Comment: Things go from bad to metaverse for Meta’s VR money pit

Zuckerberg’s Quest visual reality world has too few users but swallowed $21 billion since last year.

By Dave Lee / Bloomberg Opinion

When it comes to measuring the progress of Mark Zuckerberg’s metaverse, big numbers have been in short supply. Only 20 million of his Quest virtual reality headsets have sold since 2019. Only 200,000 users are reportedly active in Meta Platforms’ flagship virtual reality experience, Horizon Worlds. Oh, actually, there is one big number: $21 billion lost on creating the Metaverse since the start of 2022.

All this prompts an obvious question: Just how much money is Zuckerberg prepared to spend to make his metaverse successful?

Luckily for him, he doesn’t have to answer that just yet. Meta’s legacy business — selling online advertising — is roaring, with double digit revenue growth for the first time since the end of 2021. That’s providing sufficient distraction to keep investors from coming down on him too hard. Sure they’re concerned that Meta has spent so much money on the metaverse with so little to show for it; but they’re not angry.

Revenue from the metaverse — selling headsets, plus apps and services — fell between 2021 and 2022, and analysts expect it to sink even further this year. Reality Labs expenses were $4 billion in the most recent quarter alone; a 23 percent increase from the same period a year earlier and not a good omen during what is supposedly Meta’s “year of efficiency.” Reality Labs expenses will increase in 2024. “A lot of investors might want to see us spending less here in the near term,” Zuckerberg said last week. “My view is that we are leading in these areas. I believe that they’re going to be big over time.”

When bad times come around again, and advertising sees a slump, Zuckerberg’s metaverse vision needs to be in much stronger shape than it is today. Otherwise, he’ll find investors might be far less forgiving.

But if he can manage to turn things around, he may have Apple to thank. The launch of that company’s Vision Pro headset in June drew attention back to the possibilities of virtual and augmented reality, with a cool factor Meta lacks. Apple’s network of stores will be used to introduce millions of consumers to the mixed reality experience. “It has created a buzz,” notes analyst Carolina Milanesi from Creative Strategies. Even so, “the cost of Vision Pro will lead some people to look elsewhere,” she added.

Meta’s Quest 3, due out later this year, will beat the Vision Pro to market and will be one-seventh the price. Meta can cling to Apple’s hype like a skateboarder being pulled along by a bus. Apple’s entry has bought Zuckerberg some additional time with investors; and helped give some validation to his overall thesis that mixed reality has a place in millions of homes in the future. If Apple thinks it’s worth it, then maybe it is.

But then again, maybe it’s not. What can’t be shaken is the underlying sense that this is technology that has so far failed to gain the public’s attention or desire. Zuckerberg seems to think this is an issue that can be solved via R&D, making the devices lighter and smaller, with sharper graphics and less risk of motion sickness. I think it takes more. VR has proved itself to be a novelty gaming platform, especially when fitness applications are thrown in. But I still can’t see it as a serious platform for work, networking and productivity. There is a significant chance that Zuckerberg — and Apple CEO Tim Cook, for that matter — have drastically misread the public mood. Ask most people today about the role of technology in their lives and most will tell you they’re seeking less connection.

Meta has shown in the past that it knows when to stop throwing good money after bad. It canned its critically acclaimed Portal video chat device earlier this year, with the main takeaway being that simply building an excellent device — which the Portal certainly was — isn’t enough to make it a success. You must convince the consumer their lives are incomplete without it.

It’s clear Meta won’t give up on the Metaverse so easily. For one thing, it would make the change in the company’s name from “Facebook” to “Meta” rather awkward.
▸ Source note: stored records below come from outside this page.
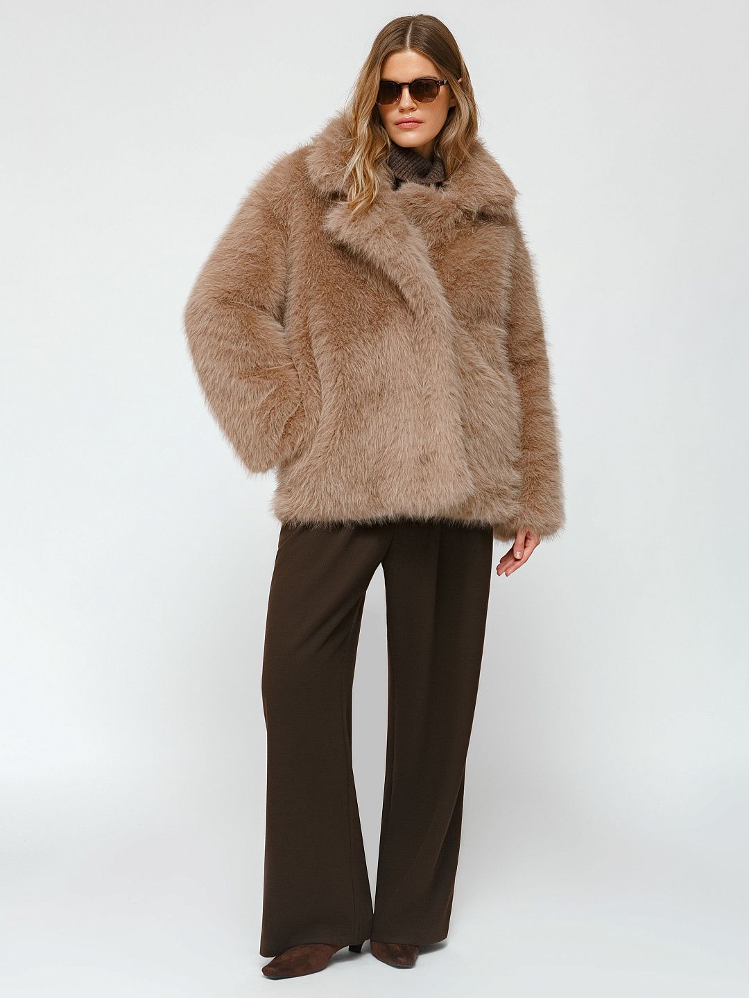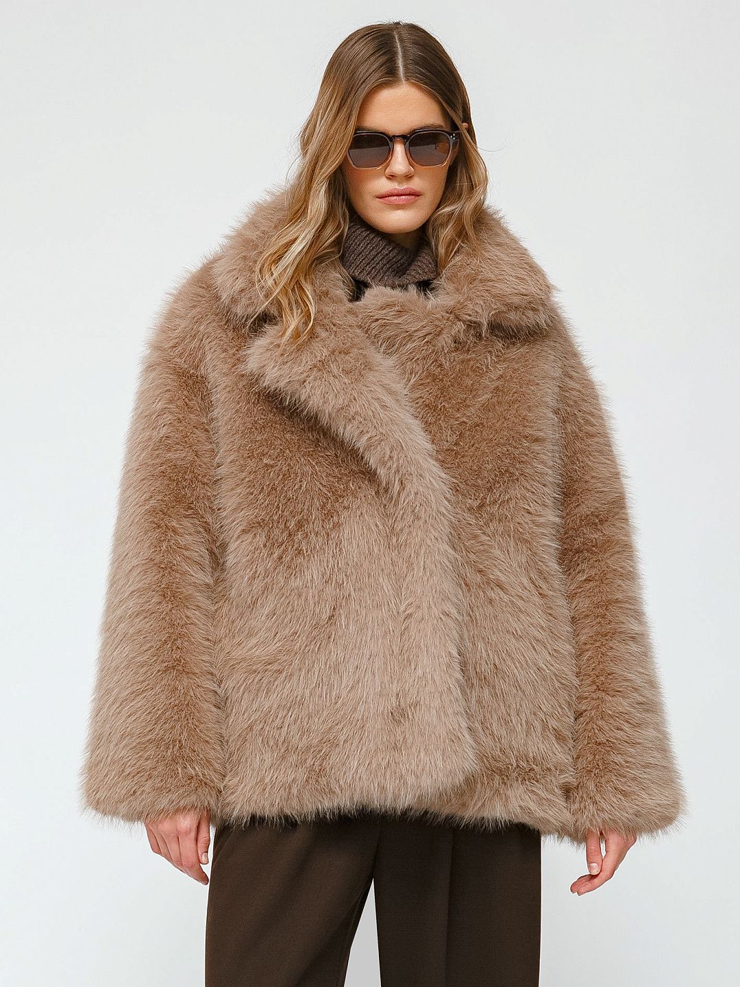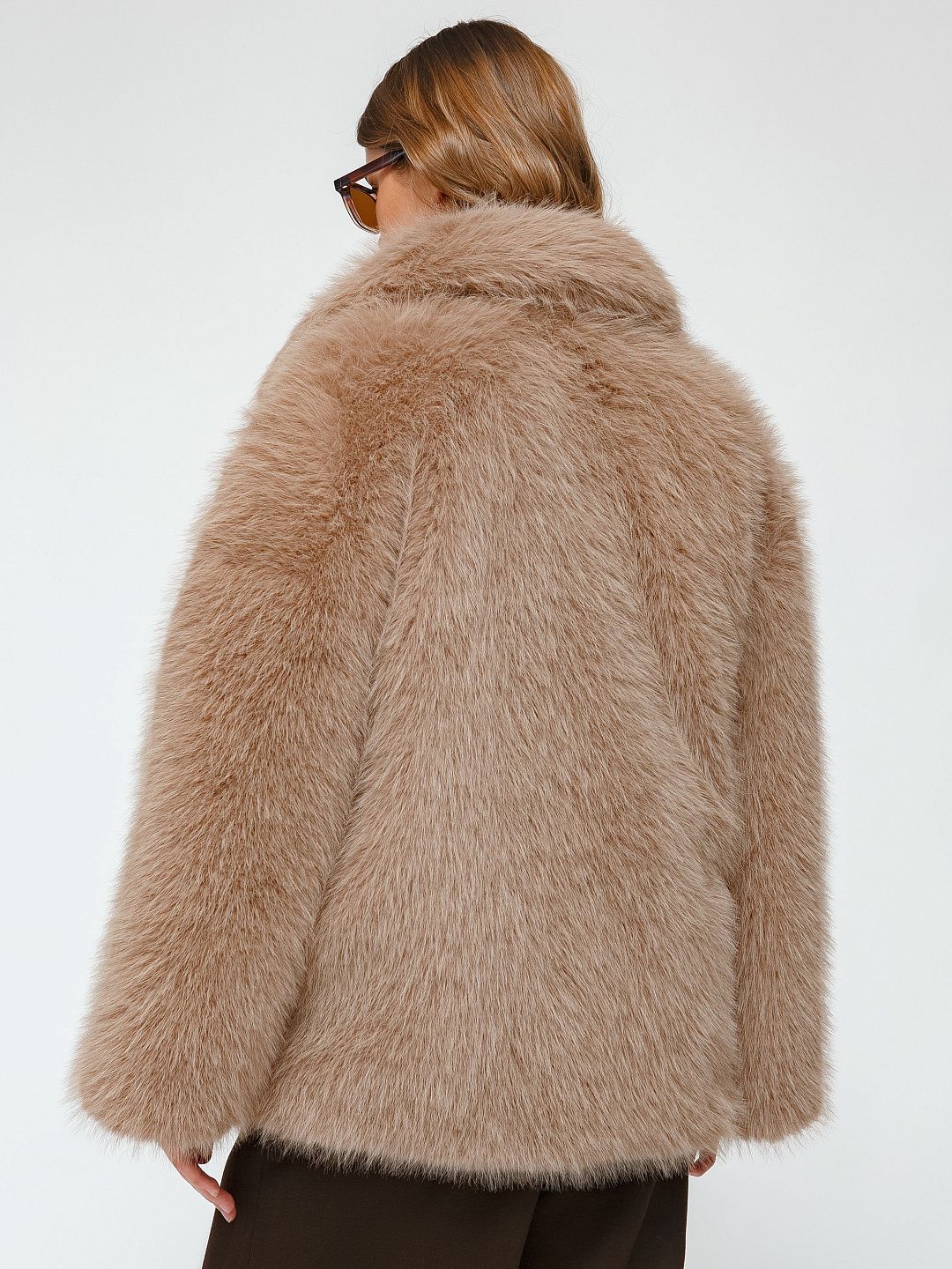 Шуба из искусственного меха с объемным кроем и широкими лацканами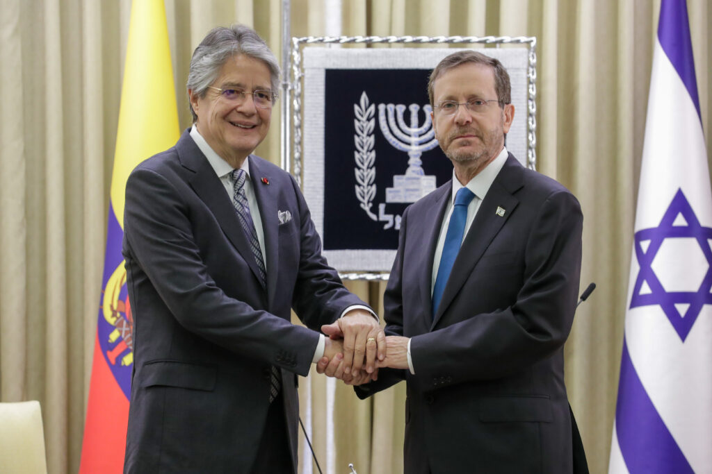 El presidente israelí, por su parte, agradeció a Lasso su visita, la primera de un gobernante ecuatoriano, y destacó «el giro que está liderando en las relaciones del Ecuador con el Estado de Israel».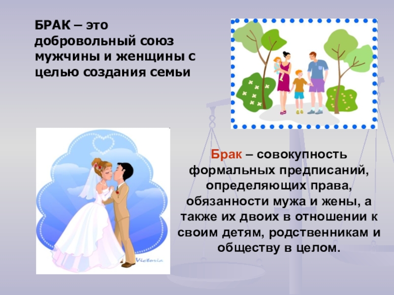 БРАК – это добровольный союз мужчины и женщины с целью создания семьи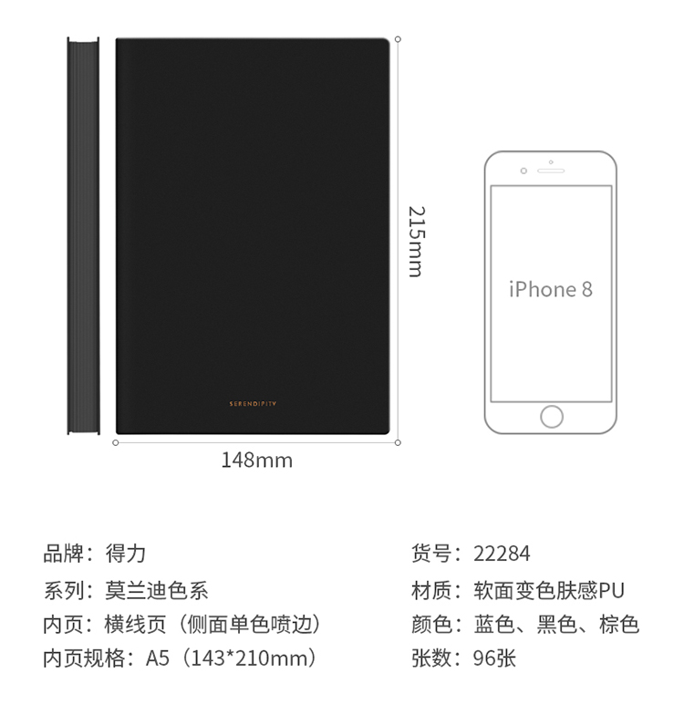 商品名称:得力22284软面贴芯皮面本-A5-210mm*143mm/96张(棕)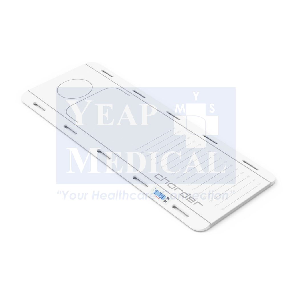 A patient transfer board is combined with a OIML Class III-approved weighing scale, handles can be used for wall storage, saving valuable space. Providing emergency rooms with the perfect space and time-saving solution.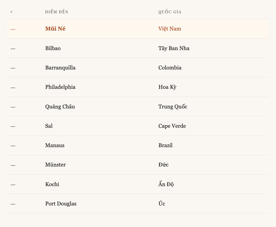 Danh sách 10 điểm đến xu hướng toàn cầu năm 2026 gọi tên: Mũi Né (Việt Nam), Bilbao (Tây Ban Nha), Barranquilla (Colombia), Philadelphia (Mỹ), Quảng Châu (Trung Quốc), Sal (Cape Verde), Manaus (Brazil), Münster (Đức), Kochi (Ấn Độ) và Port Douglas (Úc).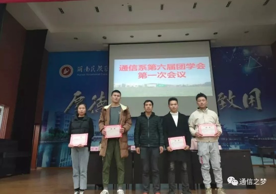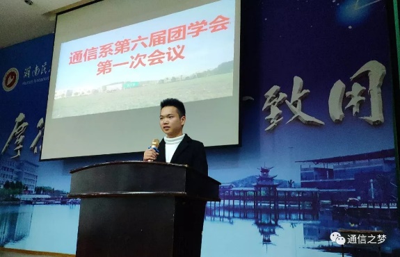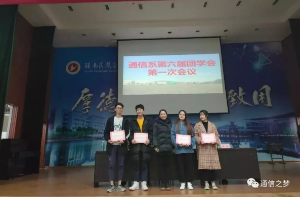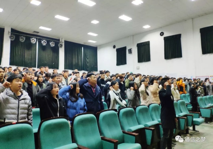 2019年11月28日通信工程公司在炎培楼演播厅召开第六届团学干部大会。党总支副书记庞代国老师,分管教学工作副主任李亚兰老师,学工办主任熊樱老师,团总支何维老师出席会议,全体团学干部与部分班干部代表参加了大会。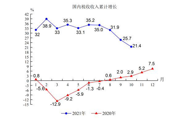 5.国内税收收入96.73亿元,同比增长21.4%,比2019年1-10月增长24.9%,两年平均增长11.8%。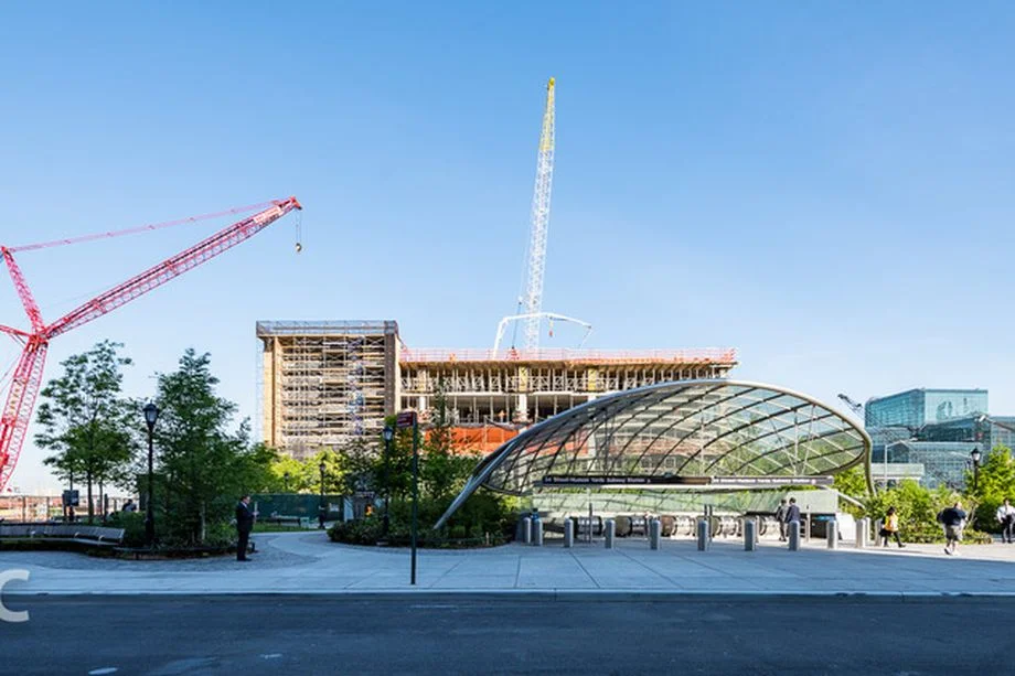 The new 7-train subway extension with 55 Hudson Yards under construction in the background, via CurbedNY

The bigger issue is that it would again damage Zuckerberg’s credibility as a CEO; something which has been on the mend of late with the success of Twitter-clone Threads.

With a small team, no advertising and only a few months of development, it took Threads less than an hour to attract more users than Horizon Worlds has managed in two-and-a-half years. On that evidence, it might be wiser for Zuckerberg to divert more of his resources toward building out that platform instead of chasing the metaverse.

Dave Lee is Bloomberg Opinion’s U.S. technology columnist. Previously, he was a San Francisco-based correspondent at the Financial Times and BBC News.